Seven other persons testified during the public hearing that they have grown grapes in the western part of Madera County, some for as long as 25 years. Morgan Johnson, a Madera County grape grower, testified that some of the soil in the western part of the county is neutral and not alkaline. He also testified that drip irrigation could substantially reduce the alkaline content of some soils m one year's time. In post hearing comments, one additional person commented that he is growing grapes in western Madera County. The Bisceglia Brothers Wine Company in Madera also stated that they purchase grapes from western Madera County and that they favor extending the viticultural area into the western part of the county.
ATF examined all the evidence presented in written comments, in oral testimony received at the public hearing, and in post-hearing submissions. On the basis of all available evidence, the western boundary of the viticultural area is established as the San Joaquin River, and all of the western portion of Madera County are included. Evidence shows that grapes are grown throughout central and western Madera County, although plantings in the western portion of the county tend to be newer. Also, soil differences exist throughout western and central Madera County, based on a soil map submitted by Steven Ficklin during the public hearing.
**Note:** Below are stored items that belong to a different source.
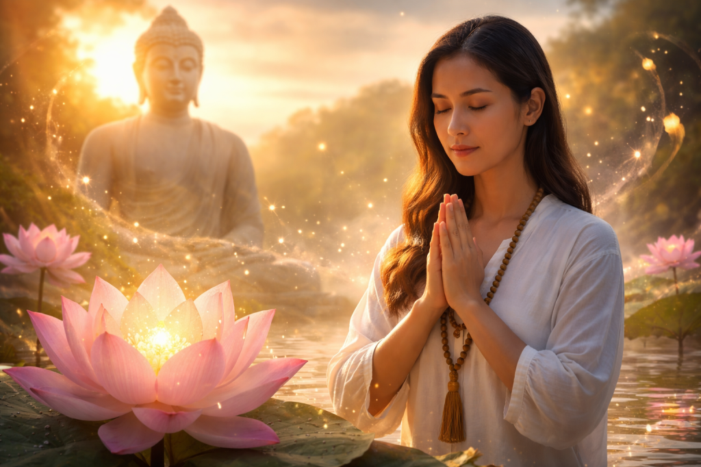 Uno dei passaggi centrali (sempre in fonti Soka Gakkai) è il simbolo del loto: cresce nel fango ma resta puro; e soprattutto, a differenza di molte piante, produce fiore e frutto insieme. Questo viene usato per illustrare il principio della simultaneità di causa ed effetto: non devi aspettare di “diventare perfetto in futuro” per attingere a uno stato vitale più alto; puoi far emergere quella qualità adesso, dentro le circostanze di adesso.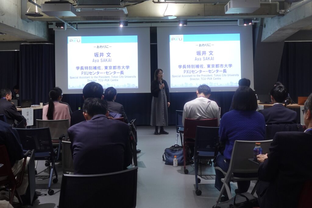 クロージングでは、坂井 文 渋谷PXUセンター長から閉会の挨拶があり、イノベーションを生み出す共創の場である渋谷PXUにおいて、さまざまな方々に交流していただけるよう、今後も公開講座やイベント、リカレントプログラム等を展開していくと述べました。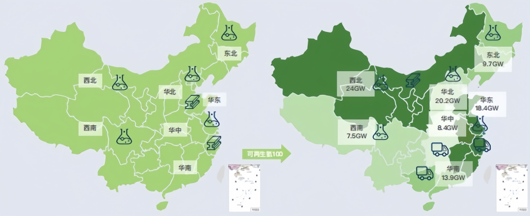 产能提升方面,“西氢东送”日渐增长的需求将倒逼西部地区扩大可再生氢装机布局。根据《开启绿色氢能新时代之匙:中国2030年“可再生氢100”发展路线图》预测,2030年西北地区需建成24吉瓦电解槽,实现每年可再生氢产量264万吨;西南地区需建成7.5吉瓦的电解槽装机,达到每年82万吨的可再生氢产量。此外,随着西部地区加速布局可再生氢,将进一步拉近可再生氢与天然气制氢以及化工行业副产氢的成本经济性差距,充分实现可再生氢对副产氢等的逐步替代,推动产业转型升级。

This map shows large areas of free (non alkaline) soil within the western portion of Madera County;
these areas are centered along the north–south boundary, and to the north along the Chowchilla River. The same map also shows substantial areas of intermittent free and saline soils in the western part of the county along the San Joaquin River

Because of these soil types found within western Madera County, it is not possible to characterize all of the soil within this area as highly alkaline. By testimony given during the hearing, vineyards exist in free soils in this area which are identical to soils found in the central part of the county. Therefore, in order to use soils as a basis for the western boundary of the Madera viticultural area, ATF would have to draw very exact boundaries based on soil types. This is impossible due to the lack of any distinguishing geographical features appearing on U.S.G.S. maps covering western Madera County. ATF determined that a geographical feature other than soils should be used to define the western boundary of the viticultural area. This geographical feature is the San Joaquin River, which divides Madera County from Fresno County, and distinguishes the viticultural area from the area to the west which is both drier and has a longer growing season.